白得得取出自己的琴来,手指快速地拨动起来,以抵消凤音阵的影响力。
天权开口道:“白姑娘,是吧?族长让我给你带句话,白元一已经死了,如今活着的只有凤先生。若是姑娘一意孤行,那么凤先生也会死。”
这才是杀手锏。
飞凰不是没能力动白得得等人,只不过是顾忌白元一而已。
天权又道:“若你就此退去,保证再也不出现在白盟星,将来若是遇到困难的事情,也可向我凤首山求助。”
天权的态度高高在上,就像是神一般俯视白得得,带着施舍的意味。白得得哪里受得了别人对她的这种态度啊。
白得得倒是想怼回去,可惜白元一在他们手里,让她投鼠忌器。“为什么你们族长不允许我见我爷爷?让人天伦隔离,就不怕遭报应吗?”
天权沉下脸道:“蝼蚁,才会祈求报应。小丫头不识抬举,不给你点儿苦头吃,你还真是不知天高地厚。你爷爷能入赘我凤首山,那是他的荣幸。”
“入赘?!”白得得气得想发疯,“谁稀罕入赘你们什么鬼凤首山啊?我爷爷肯定是不同意的,要不然你们怎么连见都不敢让我见他?以你们凤族这样的小人行径,我爷爷能看得上你们族长才怪!”
“掌嘴。”一个洪亮的女声从高空传来,仿佛来自天庭一般。
天权身影一闪就到了白得得面前,抬手就扇了下来,若非杜北生挡得快,指不定这一巴掌真就落在了白得得身上。
最后,白得得是一个人灰溜溜下山的。
容舍就等在凤首山下,看见她身后没跟着杜北生,也没说话。两人开始并肩往回走。
眼看快要走回客栈时,白得得终于忍不住了,“你要骂就骂吧,别不说话。”
容舍道:“我为什么要骂你?”
白得得低着头道:“因为我不听你的话,擅自妄为。”
容舍道:“没什么要骂的,那是你爷爷,你要是坐得住,就不是白得得了。”
容舍不骂白得得,白得得就更自责了,开始吸着鼻子擦眼泪,“是我连累了北生,现在北生被凤首山的人给扣住了。”

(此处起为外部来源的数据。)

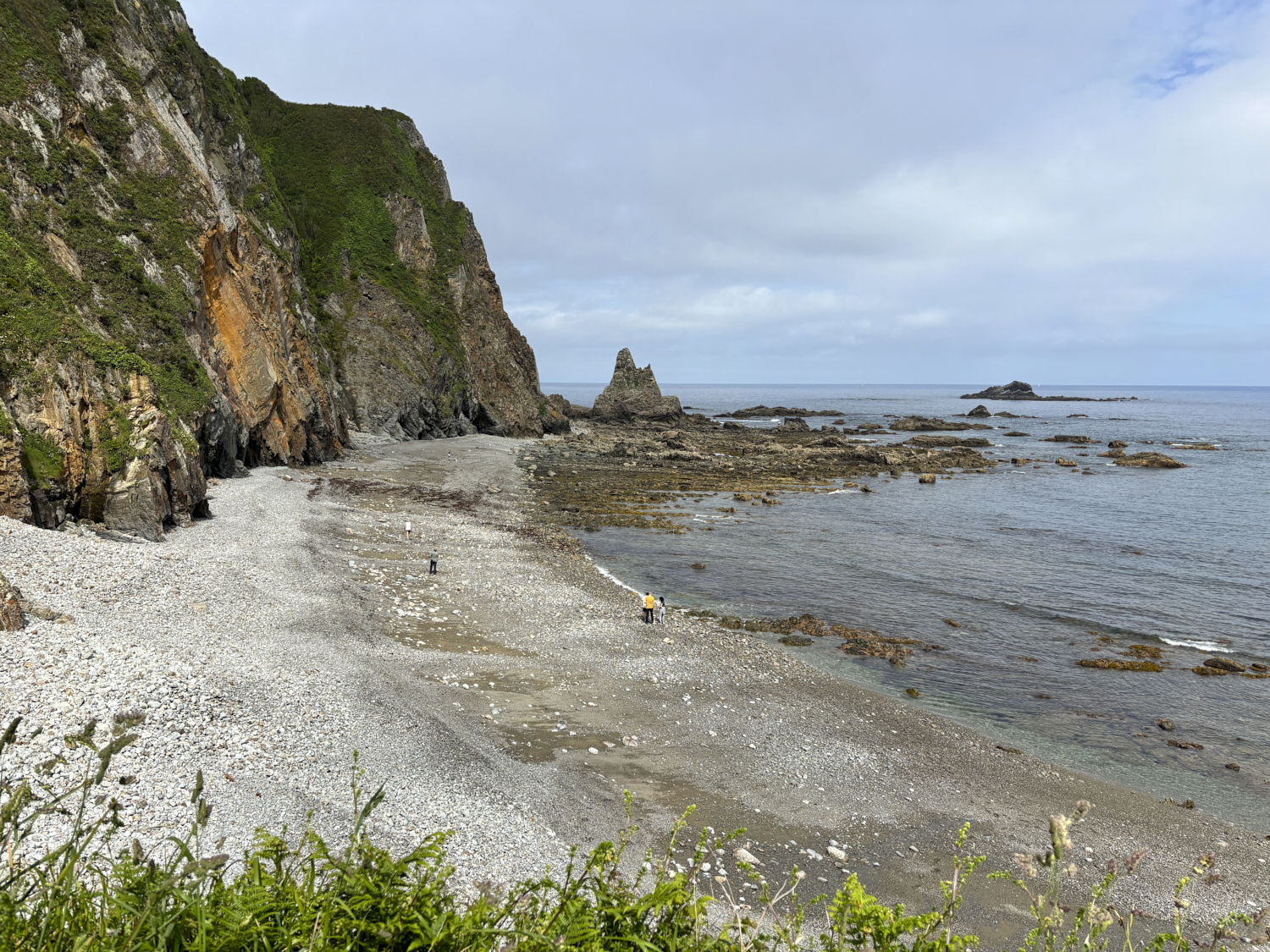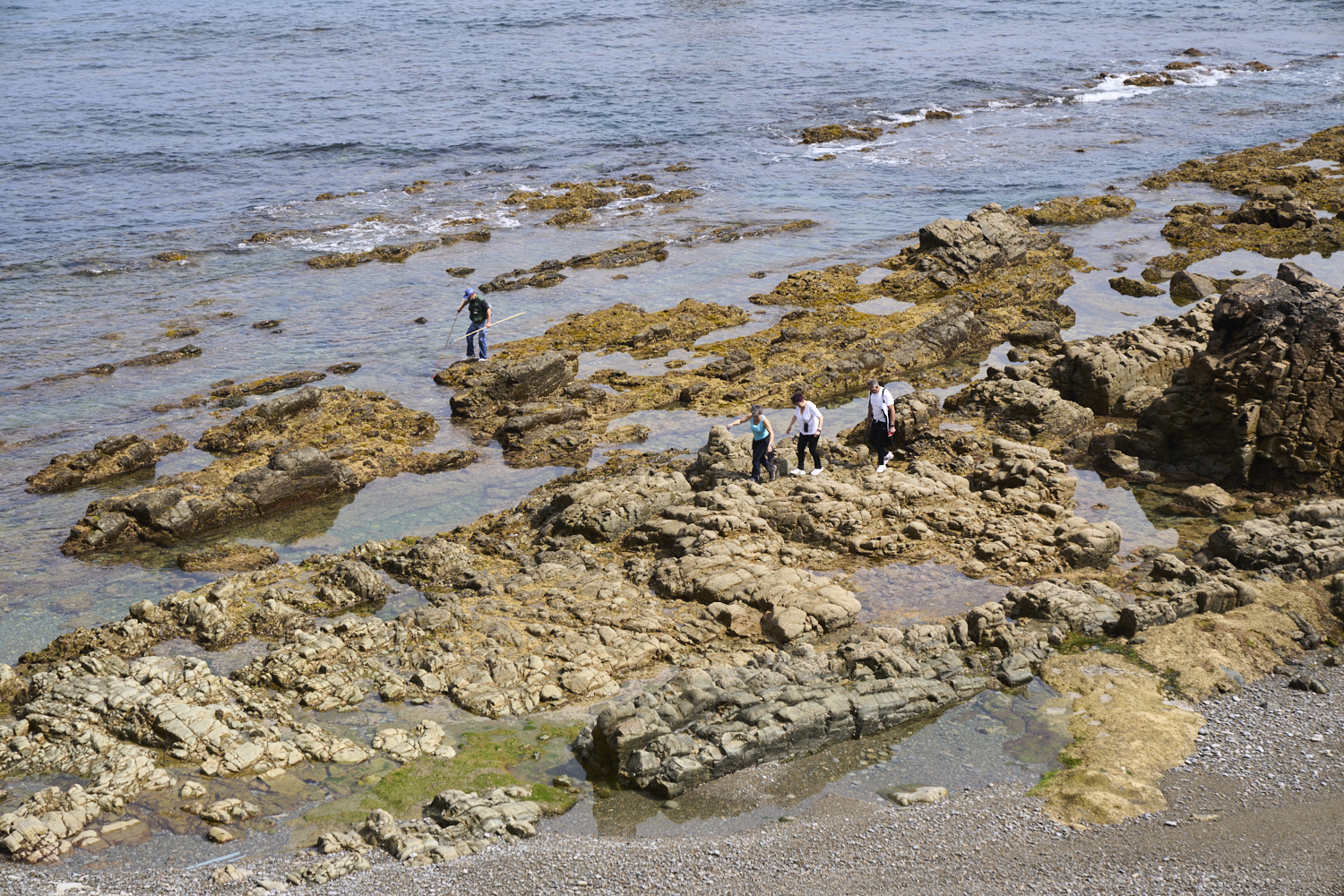 tide has exposed a large rocky area in the tidal zone.

容舍道:“不是你连累他,而是他连自己几斤几两都不知道就怂恿你去凤首山,以为能帮你一把,结果却是在拖你后腿。”
白得得抬头看向容舍,他这算是在背后说北生的坏话吧?
傻鸟在容舍的肩头一直朝白得得点头。
“凤首山的人怎么说?”容舍问。
白得得道:“凤首山的人说,一个月之后,将举行飞凰和我爷爷的大婚,逼我在婚礼上当着所有人祝福她和我爷爷,然后发誓一辈子再也不踏足白盟星,不再见我爷爷,就把北生放了。”
“他们怎么知道拿杜北生要挟你会一定成功的?”容舍问。
白得得不敢说话了。她的性子怎么可能眼看着杜北生落在凤首山的手里而无动于衷,肯定是宁愿自爆也要救杜北生的。
结果被飞凰亲自出手阻止了,然后弱点也就暴露无疑了。
“那就乖乖照着凤首山的要求做吧。”容舍一点儿也不可怜白得得。
白得得搂住容舍的腰道:“你一定有法子的对吧?你肯定有法子,我知道错了,我下次再也不敢了。其实我心里知道你是对的,我不该擅自行动的,可我就是一时没忍住。我本来不会输得那么惨的,但是真不知我爷爷这些年都经历了什么,他帮凤首山炼制了好多法器,简直防不胜防。我一看那风格就知道是白元一做的,只是不知道白元一做的时候知不知道,别人会拿他做的东西来对付他最爱的孙女儿。”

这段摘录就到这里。